1. `img = tf.io.read_file(filename)` Used to read the file and convert it into pixel data - also called decoding
2. `img = tf.image.decode_jpeg(img, channels=IMG_CHANNELS)` specifying the number of color channels (red, green, blue) from the JPEG
3. `img = tf.image.convert_image_dtype(img, tf.float32)` pixel values consist of RGB that are of type uint and in the range of [0, 255], this converts them into a float scale so they lie in the range [0, 1]
4. `tf.image.resize(img, reshape_dims)` resizing to a desired shape



In [4]:
import matplotlib.pylab as plt
import numpy as np
import tensorflow as tf

IMG_HEIGHT = 224
IMG_WIDTH  = 224
IMG_CHANNELS = 3

In [5]:
def read_and_decode(filename, reshape_dims):

  # Read the file - convert them into pixel data, also called decoding
  img = tf.io.read_file(filename)

  # Convert the compressed string to a 3D uint8 tensor - specifying the number of 
  # color channels (red, green, blue) from JPEG
  img = tf.image.decode_jpeg(img, channels=IMG_CHANNELS)

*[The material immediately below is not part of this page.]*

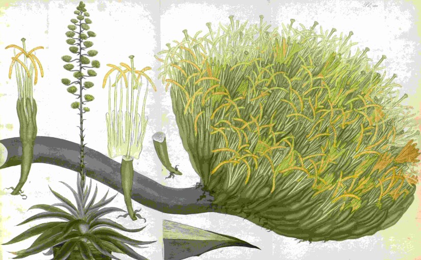 There are two great American aloes [Agave americana] in the orangerie of the Right Hon. Lord Borringdon, at Saltram, near Plymouth, one of them showing evident marks that it would blossom soon in full bloom, was removed for security, and to promote its blossoming in safety, by direction of Mr. Smith, principal gardener, and by order of the Right Hon. Lord Boringdon, from the orangerie into Saltram gardens, for the inspection of the curious in botany. There have been two of these grand plants that have blossomed in the last century, in the county of Devon; one about twenty-five years since at Powderham-castle, the seat of the Right Hon. Lord Courtenay; and a second about thirty years since blossomed in a gentleman’s garden at Salcombe, in the South-Hams, which at that time produced great profit to the respective gardeners, who exhibited it to the curious. [Agave, botanist’s repository vol. 7 plate 433 CCCCXXXIII. ‘Our figure was made from two plants at Kensington Gore, each bearing 2000 flowers, and about 70 years old, belonging to J. Vere, Esq.’]

  # Use `convert_image_dtype` to convert to floats in the [0, 1] range
  img = tf.image.convert_image_dtype(img, tf.float32)

  # Resize the image to the desired size
  return tf.image.resize(img, reshape_dims) 

In [6]:
CLASS_NAMES = [item.numpy().decode('utf-8')
              for item in tf.strings.regex_replace(tf.io.gfile.glob("gs://practical-ml-vision-book/flowers_5_jpeg/flower_photos/*"),
                 "gs://practical-ml-vision-book/flowers_5_jpeg/flower_photos/", "")]

# for item in CLASS_NAMES:
#   if item.find(".") == -1:
#     print(item)

CLASS_NAMES = [item for item in CLASS_NAMES if item.find(".") == -1]
print("These are the available class: ", CLASS_NAMES)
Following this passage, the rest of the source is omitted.